Providing investors with further cause for celebration, management guided for the company to maintain its performance in 2019, forecasting gold production of 480,000 ounces to 520,000 ounces. And allaying the concerns of skeptics who may have questioned at what cost the gold production would come, management forecast 2019 all-in sustaining costs (AISC) per gold ounce of $920 to $960 -- lower than the anticipated 2018 AISC per gold ounce of $990. (The company ultimately reported 2018 AISC of $989 per gold ounce.)
Wall Street's approval also helped to motivate investors. In April, Credit Suisse initiated coverage on Alamos Gold with an outperform rating and a $7 price target -- at that time, shares were trading hands at less than $5 per share -- according to TheFly.com. About two months later, investors found additional support for the stock in the form of an upgrade to buy from hold thanks to Canaccord, which provided a price target of 8.25 Canadian dollars, or about $6.49 in American currency.

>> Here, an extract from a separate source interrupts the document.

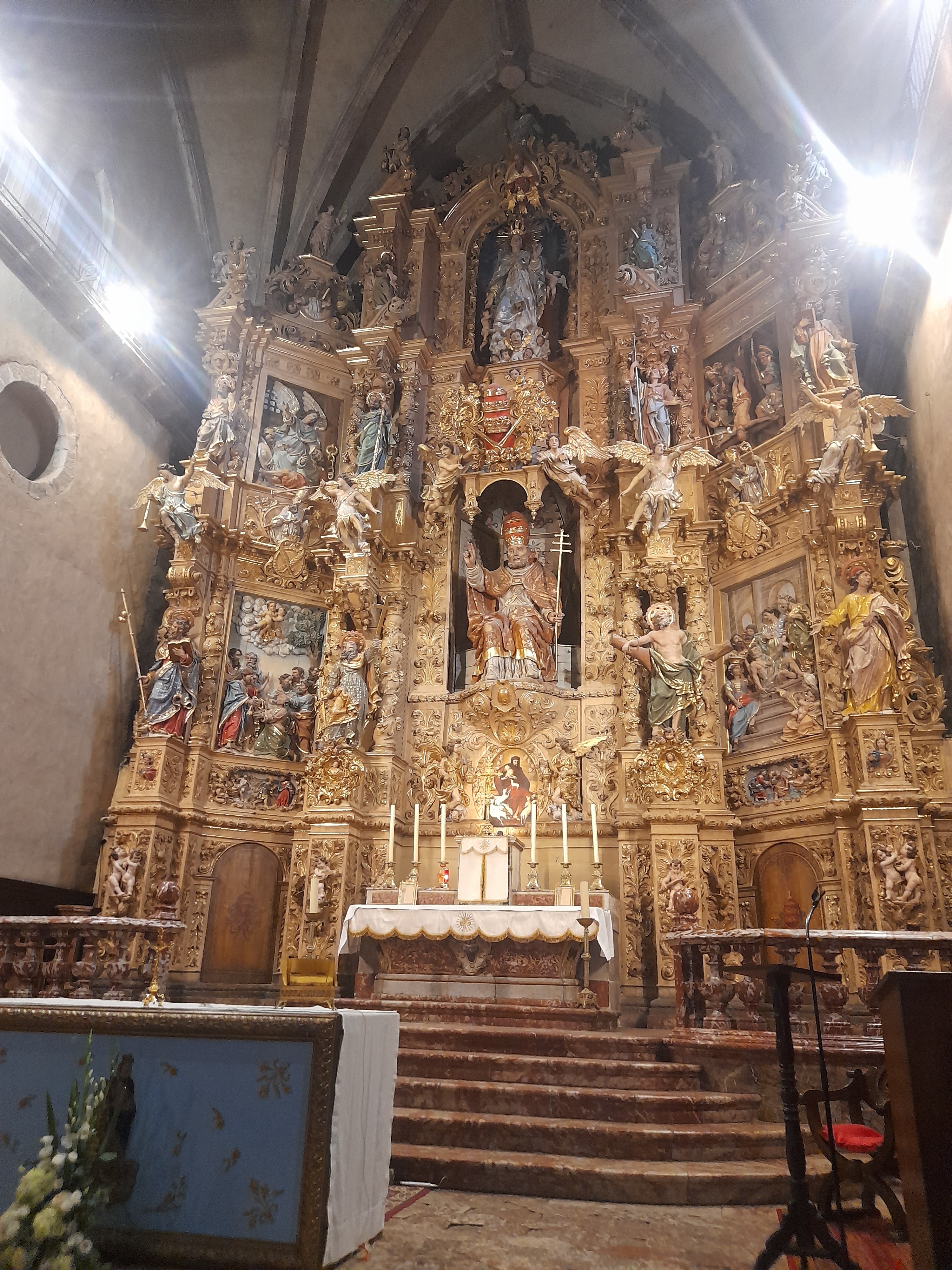 Magnifique retable. Richement décoré, avec la fiche explicative ce trouvant à gauche de l'autel, l'histoire de sa construction est accessible. Les chapelles latérales sont également belles, bien qu'éclipsé par le retable, elles valent le coup d'œil. Eglise avec un fond musical très agréable le jour de notre visite.

Alamos Gold's progress in bringing development projects along also figured in prominently. In March, the company announced that the Turkish government had granted it an operating permit to begin earthwork at the Kirazli project. Management expects mineral production to begin at the site by the end of 2020. Investors' excitement regarding progress at the mine is understandable, since Alamos estimates Kirazli will yield an internal rate of return of 44%.
Last, one would be remiss to consider the significant jump in Alamos Gold's stock without acknowledging the 10.2% rise in the market price of the yellow stuff, since there is a high correlation between the prices of mining stocks and the commodities in which they deal.
Forecasting strong gold production and declining costs, Alamos Gold represents an interesting option for gold investors; moreover, the debt-free balance sheet -- something of a rarity among gold miners -- helps the company to glitter even more brightly. Digging into the company further certainly seems warranted for those who perceive it as a lustrous opportunity.